It is currently in my own repo over at https://github.com/snex/election_results_benford. Feel free to pull it in here. I am using XML files where available so you may have to convert those.

frycast commented 3 years ago

We know a few things about the data generating process. We know the data are discrete. We also know that the number of votes can't drop below 0.

There are (mostly) two sets of counts happening in each ward: the number of Trump supporters arriving and the number of Biden supporters arriving. That suggests we approximately have two Poisson processes in each ward, with different rates between wards. So the whole county could be modelled by a set of independent but non-identically distributed tuples of Poisson random variables. There are other possibilities, of course. This may not be the best choice.

The above suggests it's unsurprising that we are seeing Poisson-like behaviour overall in the final distribution of counts.

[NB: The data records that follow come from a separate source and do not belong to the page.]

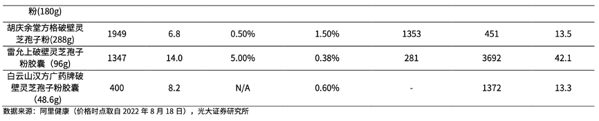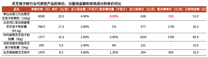 經(jīng)典案例:根據(jù)阿里健康、光大證券研究所等綜合資訊表明,在同類的靈芝孢子粉中,壽仙谷的主打產(chǎn)品第三代去壁靈芝孢子粉的有效成分含量(靈芝三萜、靈芝多糖) 超越同行,特別是粗多糖(具有抑制腫瘤和增加機(jī)體免疫力的功能),雖然其單價(jià)與日服用金額也是同類產(chǎn)品中最高的,但是有效成分的性價(jià)比高。
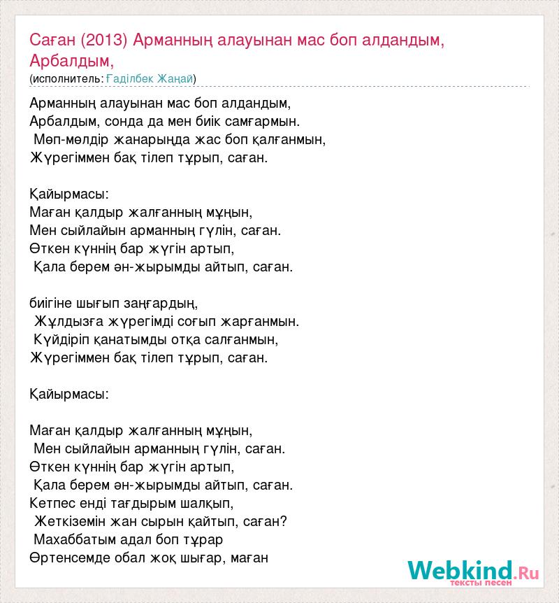 Арманның алауынан мас боп алдандым, Арбалдым, сонда да мен биік самғармын. Мөп-мөлдір жанарыңда жас боп қалғанмын, Жүрегіммен бақ тілеп тұрып, саған. Қайырмасы: Маған қалдыр жалғанның мұңын, Мен сыйлайын арманның гүлін, саған. Өткен күннің бар жүгін артып, Қала берем ән-жырымды айтып, саған. биігіне шығып заңғардың, Жұлдызға жүрегімді соғып жарғанмын. Күйдіріп қанатымды отқа салғанмын, Жүрегіммен бақ тілеп тұрып, саған. Қайырмасы: Маған қалдыр жалғанның мұңын, Мен сыйлайын арманның гүлін, саған. Өткен күннің бар жүгін артып, Қала берем ән-жырымды айтып, саған. Кетпес енді тағдырым шалқып, Жеткіземін жан сырын қайтып, саған? Махаббатым адал боп тұрар Өртенсемде обал жоқ шығар, маған
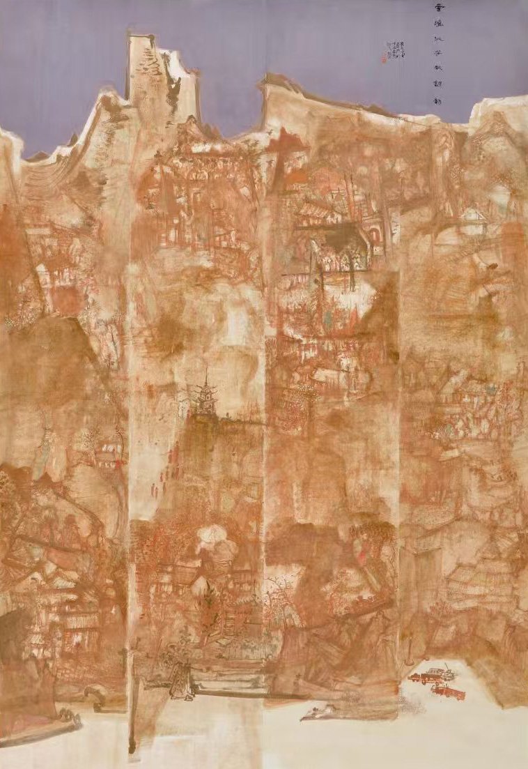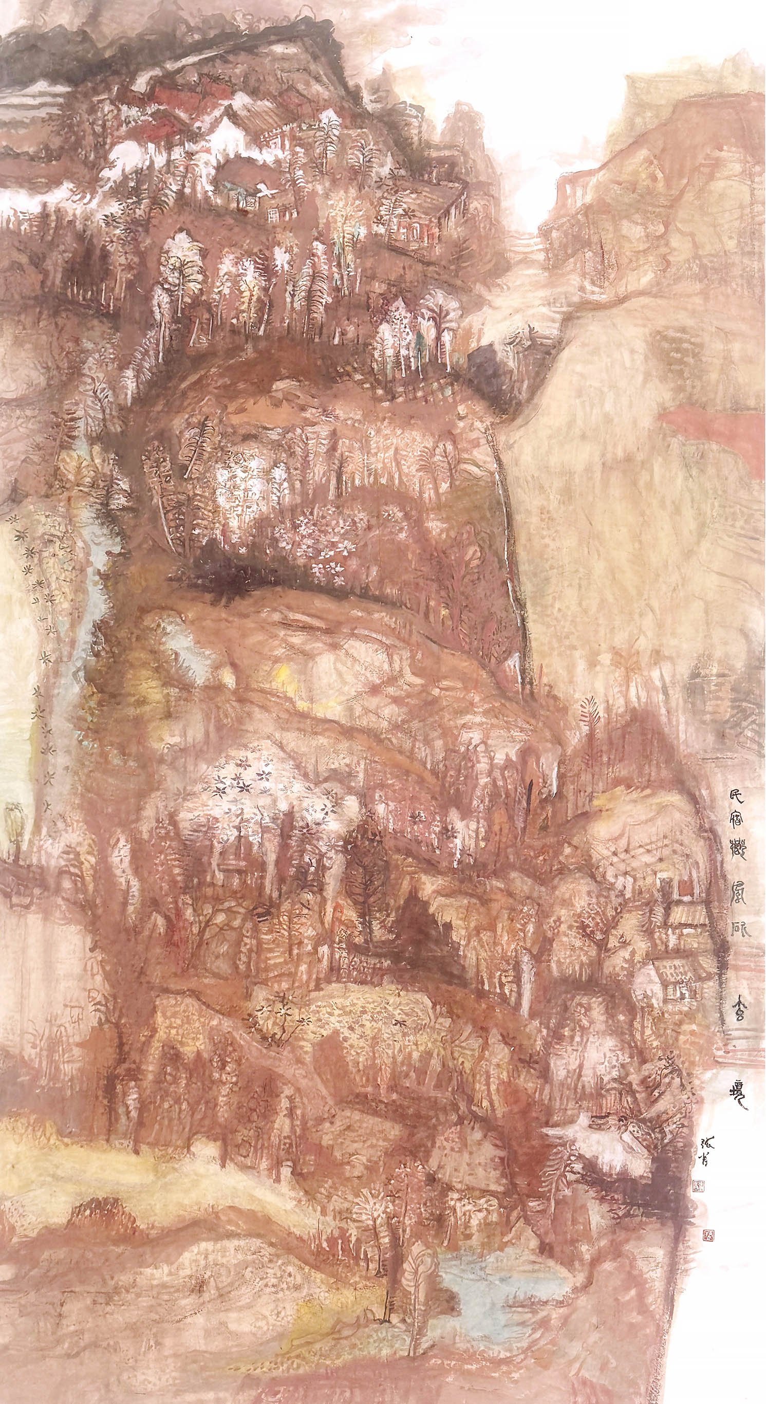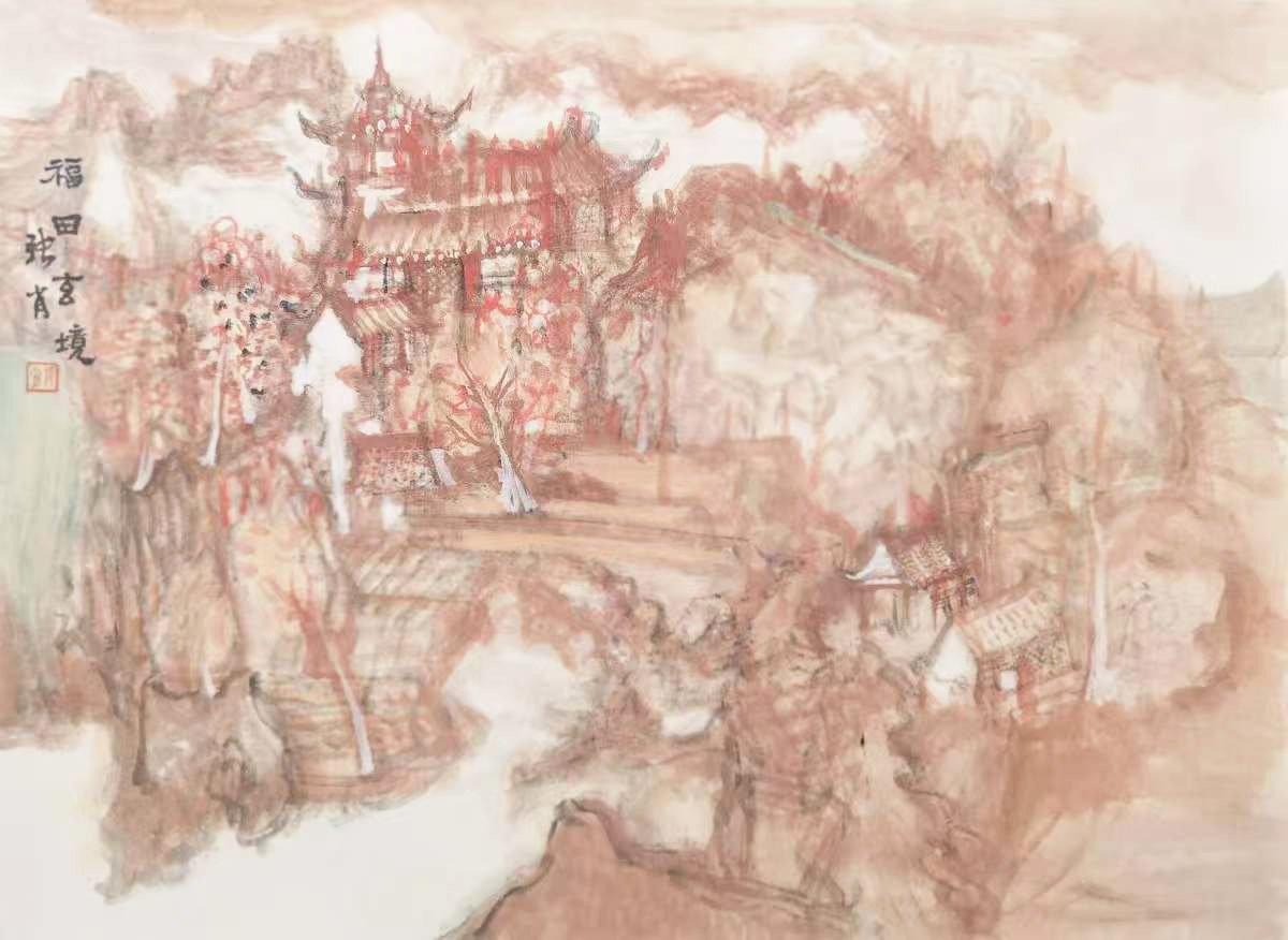 在画面色彩上,张肖学习借鉴青绿山水、浅绛山水以及西画色彩规律,丰富作品整体的色彩表现力,营造符合主题的意境与氛围。传统山水以“水墨焦浓重淡清”为基调,张肖则用主观化的色彩系统重构山水的情绪质感:如《福田玄境》系列作品中,她以赭石、花青等色彩破墨,让水墨的“淡远”与色彩的“温润”相融。那些晕染开的赭色,不是对自然的写实描摹,而是对山水精神的“写意化着色”,既保留了文人画的雅致,又跳出了“水墨为上”的窠臼,让画面有了更丰富的情绪层次。她的“古意”,是“活的传统”:不复制古人的笔法,而承接古人的“心境”——以墨色的浓淡写山水的呼吸,以线条的疏密藏诗意的留白,让文人画的雅致,成了画面的“底色”而非“标签”。

frycast commented 3 years ago

He would argue that this is evidence of some kind of effective election strategy by Biden. That is, this is a kind of herding behavior, where everyone in the sample is behaving (nearly) exactly the same ways

@charlesmartin14 if it is true that this herding behaviour effect is playing a role, then a simple explanation could be the massive impact of conditions related to the pandemic.

charlesmartin14 commented 3 years ago

Sorry guys, I'm busy for the next few hours..I'm on CA time.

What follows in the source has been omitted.